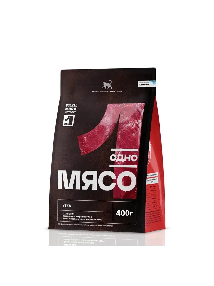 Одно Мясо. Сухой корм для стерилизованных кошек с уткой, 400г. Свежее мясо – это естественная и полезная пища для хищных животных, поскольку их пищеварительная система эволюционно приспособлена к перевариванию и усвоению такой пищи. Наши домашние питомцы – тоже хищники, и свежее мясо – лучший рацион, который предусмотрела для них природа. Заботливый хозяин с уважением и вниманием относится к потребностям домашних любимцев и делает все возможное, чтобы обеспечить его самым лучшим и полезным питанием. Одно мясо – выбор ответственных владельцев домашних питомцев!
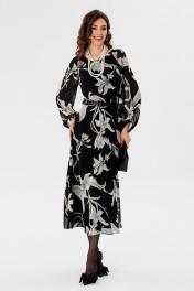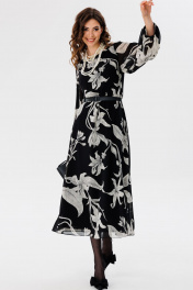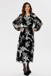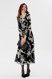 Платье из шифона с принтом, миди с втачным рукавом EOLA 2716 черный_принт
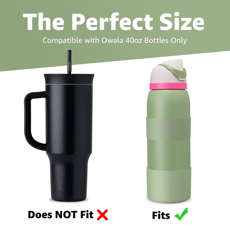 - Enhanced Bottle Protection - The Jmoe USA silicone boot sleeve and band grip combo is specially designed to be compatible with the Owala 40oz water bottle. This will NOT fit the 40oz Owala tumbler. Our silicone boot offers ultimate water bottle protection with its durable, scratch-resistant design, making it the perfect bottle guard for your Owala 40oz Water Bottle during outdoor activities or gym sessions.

::::::

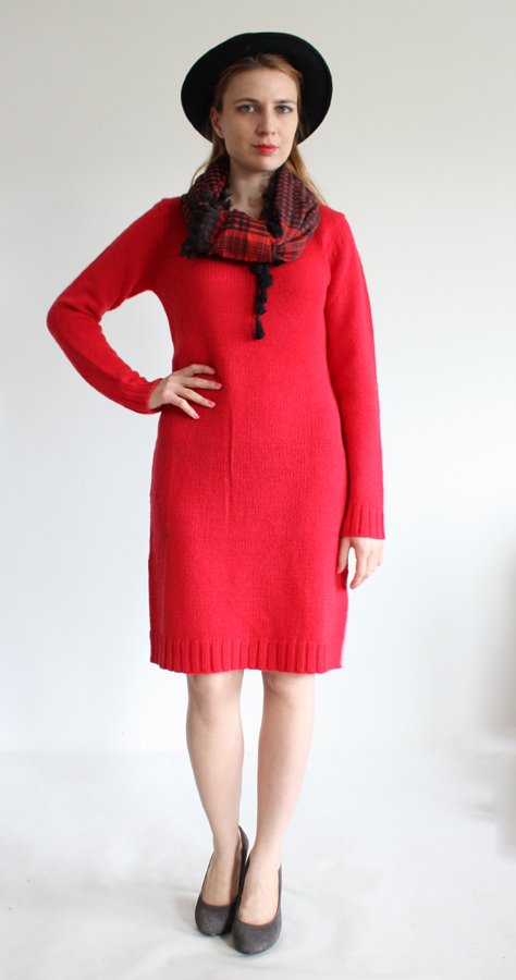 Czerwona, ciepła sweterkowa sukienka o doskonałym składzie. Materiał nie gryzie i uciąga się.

::::::

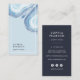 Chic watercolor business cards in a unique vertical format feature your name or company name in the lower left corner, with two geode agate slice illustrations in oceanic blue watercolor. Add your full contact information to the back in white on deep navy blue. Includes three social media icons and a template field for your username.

::::::

• **Exercise instructions**
Write out, word for word, the stretch of entries that begins at the line with "Одно Мясо. Сухой" and ends at the line with "Платье из шифона". Pictures do not belong in it.

• **Result of this exercise**
 Одно Мясо. Сухой корм для стерилизованных кошек с уткой, 400г. Свежее мясо – это естественная и полезная пища для хищных животных, поскольку их пищеварительная система эволюционно приспособлена к перевариванию и усвоению такой пищи. Наши домашние питомцы – тоже хищники, и свежее мясо – лучший рацион, который предусмотрела для них природа. Заботливый хозяин с уважением и вниманием относится к потребностям домашних любимцев и делает все возможное, чтобы обеспечить его самым лучшим и полезным питанием. Одно мясо – выбор ответственных владельцев домашних питомцев!
 Платье из шифона с принтом, миди с втачным рукавом EOLA 2716 черный_принт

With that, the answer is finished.